A high-performance asynchronous tool for fetching and storing Hacker News items in a SQLite database.

Primary LanguagePython

Hacker News Data Fetcher

A tool to fetch and store Hacker News data in a SQLite database.

Installation

To install the Hacker News Data Fetcher, follow these steps:

  1. Install:

    pip install hn-data-fetcher
  2. Run the Script:

    • The script can be run in four different modes: update, backfill, overwrite, and overwrite-from-date.
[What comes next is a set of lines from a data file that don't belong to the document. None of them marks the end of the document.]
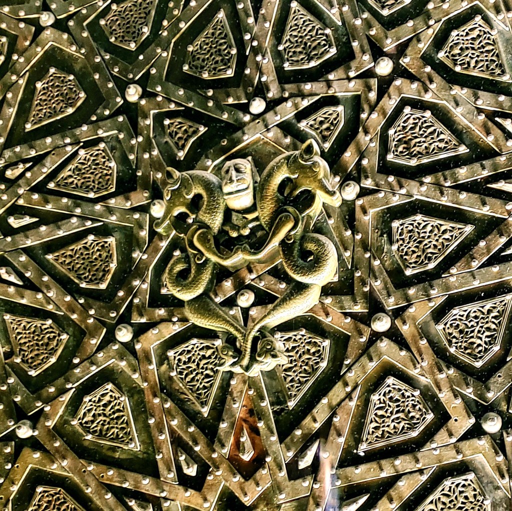 There are also relics of the Prophet Muhammed, strands of his beard and other items. But my favorite part to see were the doors to the Grand Mosque of Cizre, dating back to the 12th century. Cizre is located on the Tigris River, and fell into decline during Ottoman rule. in 1969, one of the door knockers, which are made of two connecting Dragons, was stolen and remains in a museum in Copenhagen. The other is still attached to the doors seen below.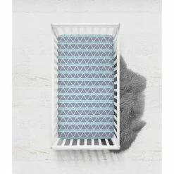 - This Bacati 3-piece Crib Set Includes Reversible 4 layered muslin lux blanket/Playmat (33 x 43 inches), Muslin Crib fitted sheet (52 x 28 x 6 inches) and Cotton Percale Crib Skirt/Dust ruffle (13 inch drop) in fun, colorful and signature prints in 100 percent cotton muslin fabrics. Designed in United States by Experienced Designers. Many coordinating items available to purchase separately in this Bacati Boys Triangles Aqua Navy Bedding Collection.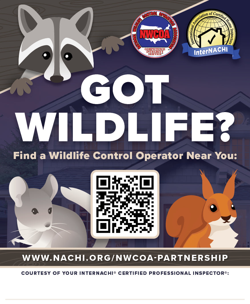 Give your clients a handy magnet that tells them what to do if they encounter unwanted wildlife around their home. These 3.5x4-inch magnets also include a space along the bottom where you can write in your inspection company's contact info. Pack of 50 magnets.

    • Use the following command to run the script:

      hn_data_fetcher --mode <mode> [--start-id <start_id>] [--start-date <start_date>] [--db-name <db_name>] [--concurrent-requests <concurrent_requests>] [--update-interval <update_interval>] [--db-queue-size <db_queue_size>] [--db-commit-interval <db_commit_interval>] [--tcp-limit <tcp_limit>]
    • Parameters:

      • --mode: Operation mode. Choices are update, backfill, overwrite, or overwrite-from-date.
      • --start-id: Starting ID for overwrite mode (required if mode is overwrite).
      • --start-date: Starting date for overwrite-from-date mode in YYYY-MM-DD format (required if mode is overwrite-from-date).
      • --db-name: Path to the SQLite database file to store HN items (default: hn2.db).
      • --concurrent-requests: Maximum number of concurrent API requests to HN (default: 1000).
      • --update-interval: How often to update the progress bar, in number of items processed (default: 1000).
      • --db-queue-size: Maximum size of the database operation queue (default: 1000).
      • --db-commit-interval: How often to commit database transactions, in number of items (default: 1000).
      • --tcp-limit: Maximum number of TCP connections. 0 means unlimited (default: 0).
    • Examples:

      • To update the database with new items:
        hn-data-fetcher --mode update
      • To backfill the database with historical items:
        hn-data-fetcher --mode backfill
      • To overwrite existing items starting from a specific ID:
        hn-data-fetcher --mode overwrite --start-id 1000
      • To overwrite existing items starting from a specific date:
        hn-data-fetcher --mode overwrite-from-date --start-date 2024-01-01
  3. Monitor Progress:

    • The script provides a progress bar with an estimated time of arrival (ETA) for completion.
    • It also handles errors gracefully and ensures that the database is updated correctly.
  4. Graceful Shutdown:

    • You can stop the script at any time by pressing Ctrl+C. The script will handle the shutdown gracefully, ensuring that all ongoing transactions are completed.

Local Development

  1. Install Development Dependencies:

    • Install the package in editable mode and development dependencies:
      pip install -e .
      pip install -r requirements-dev.txt
  2. Run Tests:

    • Execute the test suite:
      pytest tests/ -v